* Source data:
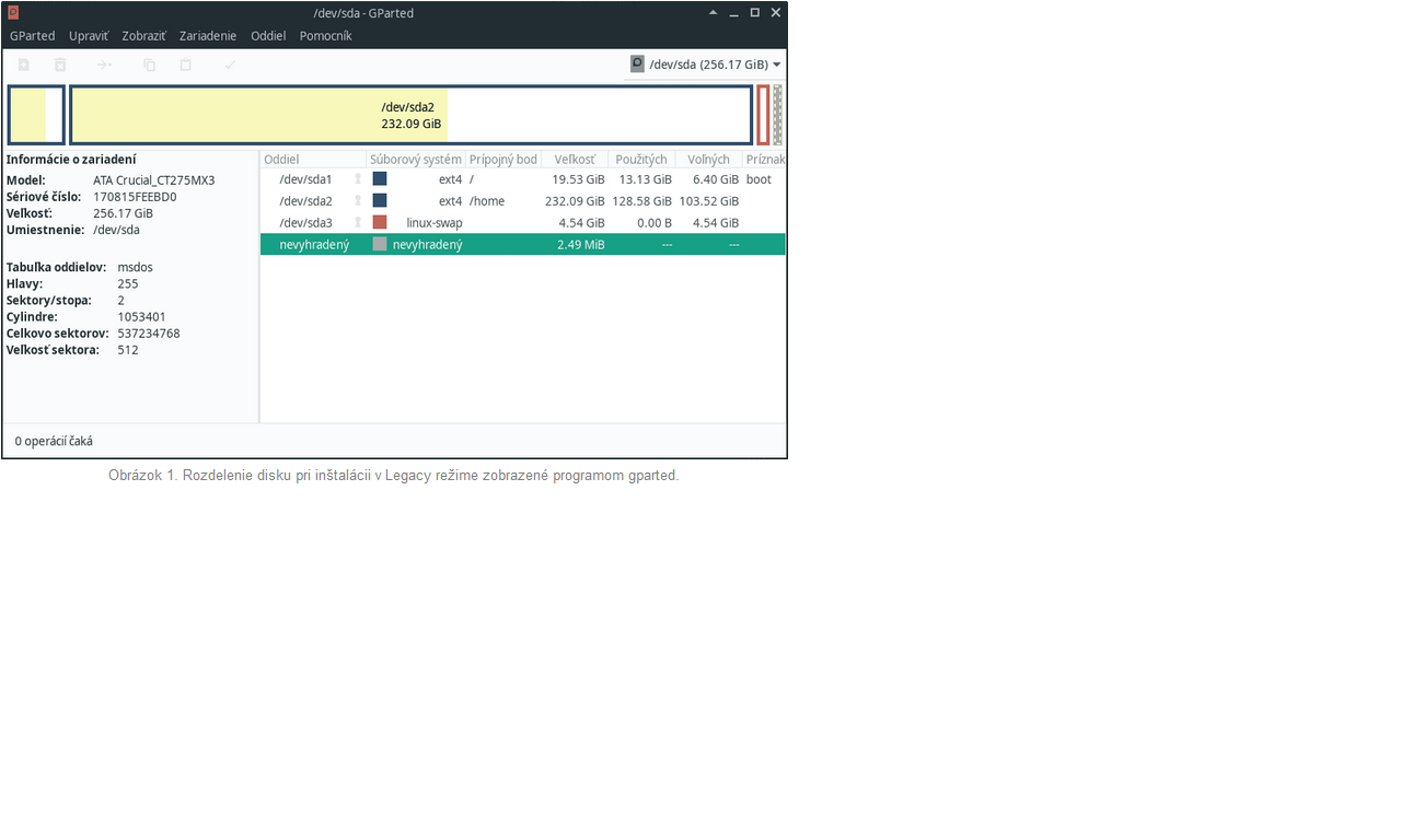 Super. Ešte detail - v Gparted v položke Zobraziť (View), zaškrknúť "Informácie o zariadení". Zatiaľ to vyzerá na rozdelenie tabuľky mbr, tri primárne partície + ďalšie logické. Postni to sem znova aj s tými dodatočnými informáciami.
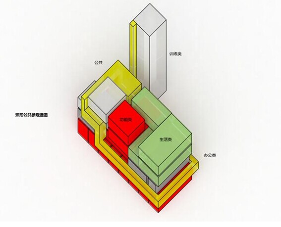 基于上述分析初步形成消防站的建筑原型,黃色部分為環形公共參觀流線,可變動;藍色、綠色部分作為標準化,不允許變更。而再將此原型應用到不同基地,就產生了豐富的多樣性,可以以此適用于不同的場地。
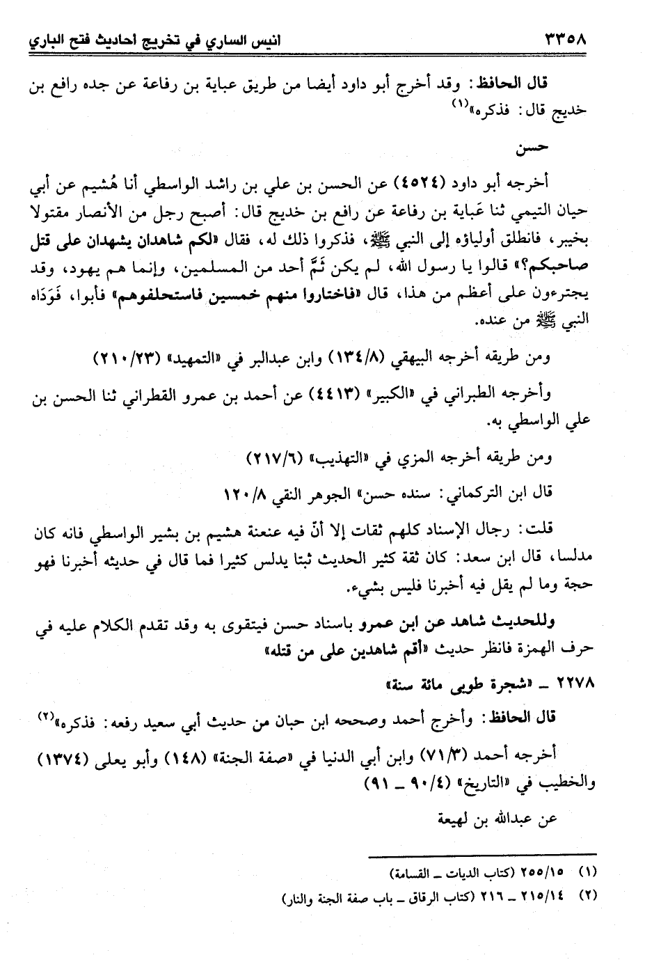قال الحافظ: وقد أخرج أبو داود أيضاً من طريق عباية بن رفاعة عن جده رافع بن خديج قال: فذكره" (¬1)
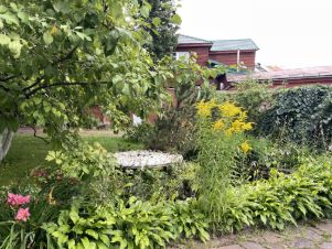 Очаровательный сад с ландшафтным дизайном и фонтаном, создающий атмосферу уюта.
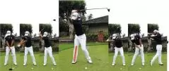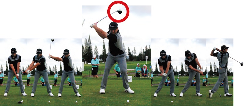 非常にコンパクトなトップで、高身長を生かした、下ろすだけのブラさないスイングができている。
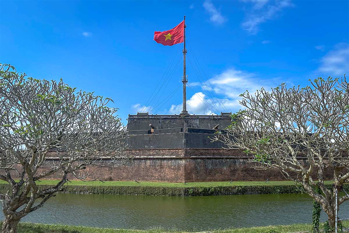 View of Hue Flag Tower seen from Phu Van Lau on the opposite of the moat
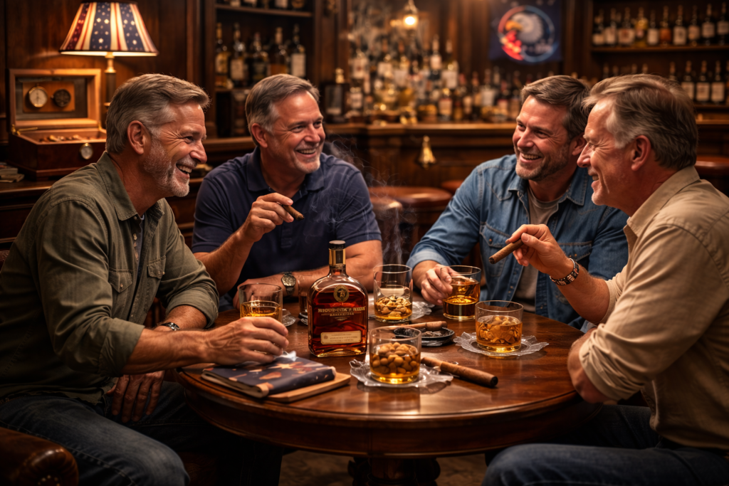 A true Patriot Bar isn’t about showing off. It’s about ritual, respect, and relaxation. It’s where bourbon meets brotherhood, where cigars burn slow, and where the noise of the world gets shut out.
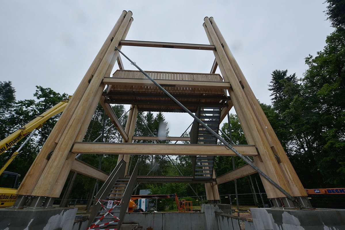 The tower will be 43 meters high when completed - just like the original. This is also in line with the wishes of the people of Frankfurt, who had decided in an online survey directly after the fire with a clear majority for a faithful reconstruction. The concrete foundations have already been completed and will later be clad in sandstone. Visually, the new tower will hardly differ from the original: It has exactly the same height, the characteristic round supports as well as the horizontal and diagonal struts correspond geometrically to the original construction. However, different wood will be used for reasons of durability: Whereas in 1931 around 340 cubic metres of pine, beech and oak from the city forest were used, the new tower is made of sweet chestnut from southern France and northern Spain as well as oak from the Black Forest. The main supporting structure is made of glued laminated timber from sweet chestnut, for which the Hessian Ministry of Economics, Energy, Transport and Regional Development granted individual approval last autumn. Stair treads and landings will be made of oak.
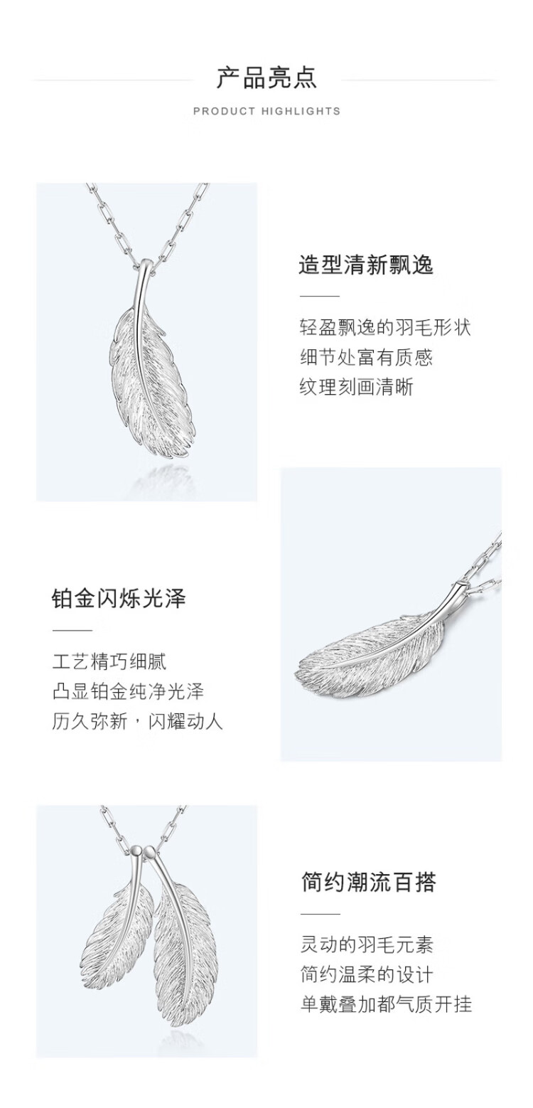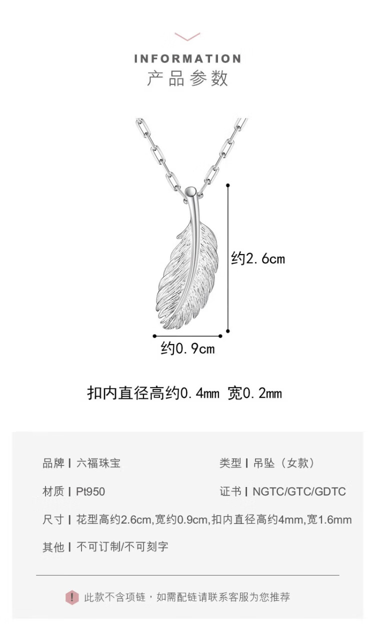 Lukfook Jewelry Platinum 950 Feather Platinum Pendant Women's Model Does Not Include Necklace Price Approximately 2.69 Grams

* Work order:
Nothing except the lines from the one containing "قال الحافظ: وقد" through the one containing "A true Patriot" should appear in the answer, exactly as above and without pictures.

* Your response:
قال الحافظ: وقد أخرج أبو داود أيضاً من طريق عباية بن رفاعة عن جده رافع بن خديج قال: فذكره" (¬1)
 Очаровательный сад с ландшафтным дизайном и фонтаном, создающий атмосферу уюта.
 非常にコンパクトなトップで、高身長を生かした、下ろすだけのブラさないスイングができている。
 View of Hue Flag Tower seen from Phu Van Lau on the opposite of the moat
 A true Patriot Bar isn’t about showing off. It’s about ritual, respect, and relaxation. It’s where bourbon meets brotherhood, where cigars burn slow, and where the noise of the world gets shut out.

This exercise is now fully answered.